5. Hydrogeologic Framework

The Pablillo River Basin is located in the middle of two geologic provinces: a) the Sierra Madre Oriental in the southwestern part of the basin; and b) the Coastal Plain of the Mexican Gulf (CPMG) in the northeastern. The portion in the Sierra Madre Oriental has a mountainous area with few populations; therefore, the study area is

Figure 1. Location of the study area.

Figure 2. Rainfall isohyets and temperature distribution during 25 years (1982-2007).

limited to the flatter northeastern part surrounding the urban centers inside the basin.

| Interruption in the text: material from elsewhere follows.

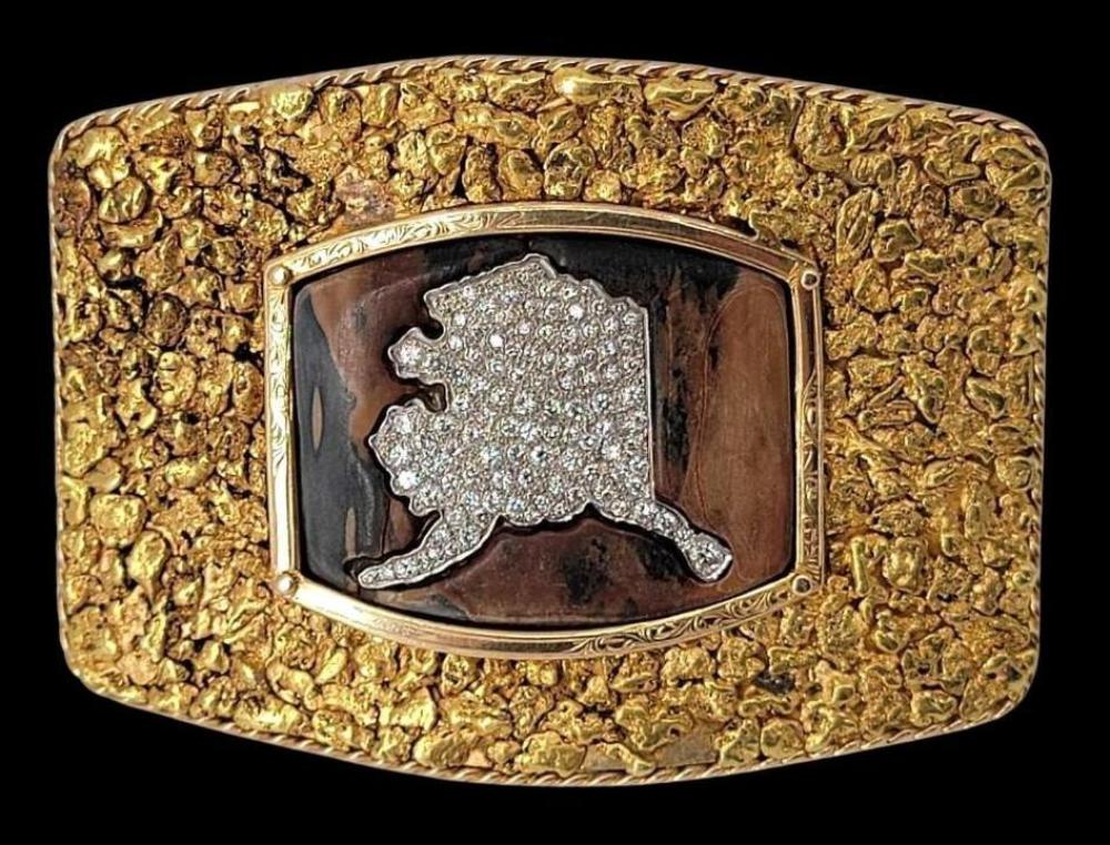 Made circa the 1970s, this buckle combines Alaska gold nuggets, mammoth ivory inlay and roughly 5 carats of diamonds. Its uniqueness comes from the exotic materials and the story tied to its origin in Alaska. An appraisal suggested its auction value could range between $20,000–$40,000 USD. The mix of gold, diamond and fossil ivory gives it appeal both as wearable accessory and as statement piece. Inspecting one means verifying gemstone quality, gold karat stamps and provenance of the mammoth ivory.

Into the study area two important geological formations can be distinguished: a) the Méndez Formation (Campanian-Maastrichtian) with a maximum thickness of about 1500 m, consisting of dark gray shale interspersed by alive-green and calcareous shale; and b) the fluvial terraces and lacustrine sediments of the Alluvial-Conglomerate Formation (Tertiary-Quaternary), which has a thickness of about 25 m, these sediments originate from the mountains of the Sierra Madre Oriental [42] - [45] . Two hydro-stratigraphic units were defined: a) the Alluvial-Conglomerate Formation represents the porous upper aquifer in the region consisting mainly of gravel and sands, with some silt and clay layers, respectively, this unconsolidated material is underlain by the b) fractured and weathered shale of the Méndez Formation, these units are hydraulically interconnected. Groundwater is stored in the fractured and weathered bedrock shale and the recharge to the aquifers occurs through the overlaying alluvial deposits. Groundwater flow shows a SW-NE direction and the depths average to the water table is about 10 m.

In particular, the alluvial plains surrounding Linares are increasingly use for agricultural development, which leads a serious threat to groundwater quality. Groundwater exploitation from the Alluvial-Conglomerate hydro-stratigraphic unit led to initial decline of groundwater levels compromising the water availability. Currently the groundwater abstraction is from both aquifers (Alluvial-Conglomerate and fractured shale, porous and fractured aquifers respectively).

6. Materials and Methods

6.1. Database and DRASTIC Method Implementation

To calculate the DRASTIC Vulnerability Index (DVI), seven hydrogeological factors have to be considered and weighted. It is assumed that DRASTIC parameters controlling the infiltration of precipitation and groundwater flow therefore are measures of aquifer vulnerability [2] [12] and the weighting factors are based on their relative significance with respect to pollution potential [46] .

In the first step, each DRASTIC factor is assigned a relative weight ranging from 1 to 5, with 5 being the most significant impact and 1 the less significant impact. In the second step, each factor has to be subdivided into ranges or media types that have an impact on pollution potential, these ranges or media types receive ratings between 1 and 10, with 10 being the highest pollution potential and 1 being the lowest pollution potential. Most factors receive one rating per range: other factors i.e. aquifer and vadose zone media receives “typical ratings” or ratings based on site-specific knowledge [2] . With this numerical arrangement could be obtain the DVI value using a simple additive model (Equation (1)).

DVI = DrDw + RrRw + ArAw + SrSw + TrTw + IrIw + CrCw (1)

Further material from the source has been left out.